Dr. Suresh Rajappa PhD PMP MBA is seasoned senior IT management consulting professional with 25 years’ experience leading large global IT programs and projects in IT Strategy, Finance IT (FINTECH) Transformation Strategy, BI and data warehousing / Data Analytics and Management for multiple fortune 100 clients across diverse industries, generating millions of dollars to top and bottom lines. Successful recruiting and leading onshore/offshore cross-cultural teams to deliver complex enterprise-wide solutions within tight deadlines and budgets. Highly effective at breaking down strategic program/project initiatives into tactical plans and processes to achieve aggressive customer goals. Excel at leveraging strategic partnerships, global resources, process improvements, and best practices to maximize project delivery performance and ROI. Inspirational, solution-focused leader with exceptional ability managing multimillion-dollar P&Ls/budgets and change management initiatives. As an adjunct professor, Dr. Suresh Rajappa teaches data science for graduate and doctoral students at PSG College of technology. His Industry specializations include Utility, Finance (Banking and Insurance) and HiTech Manufacturing. He is a frequent speaker Microsoft PASS conferences, SAP Financials and SAP TechEd conferences on Data Analytics related topics. He also teaches Data Analytics and IT Project Management for Undergraduate and Graduate level students. He is also key note speaker in International Conference on Artificial Intelligence, Smart Grid and Smart City Applications.

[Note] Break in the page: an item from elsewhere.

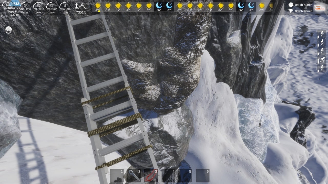 Взбираясь на гору, необходимо укреплять канаты, использовать альпинистские кошки, карабины, ледорубы и т.д. Стоит опасаться метелей и лавин. Перед тем, как отправиться в путь, рекомендуется изучить гору и обрисовать свой путь. В Climber: Sky is the Limit важно уметь определять, в какое время суток выступать, а когда лучше переждать, увеличивая шансы на подъем.

Dr. Surekha Paneerselvam is an Assistant Professor (Sr. Gr) in the Department of Electrical and Electronics Engineering, Amrita School of Engineering, Bengaluru, Amrita Vishwa Vidyapeetham, India with 20 years of experience in teaching, industry and research. She has published 35 papers in International and National journals and conferences. She has authored 7 books with leading publishers such as CRC Press and Springer. Her research interests include Control Systems, Computational Intelligence, Machine Learning, Signal and Image Processing, Embedded Systems, Real time operating systems, and Virtual Instrumentation.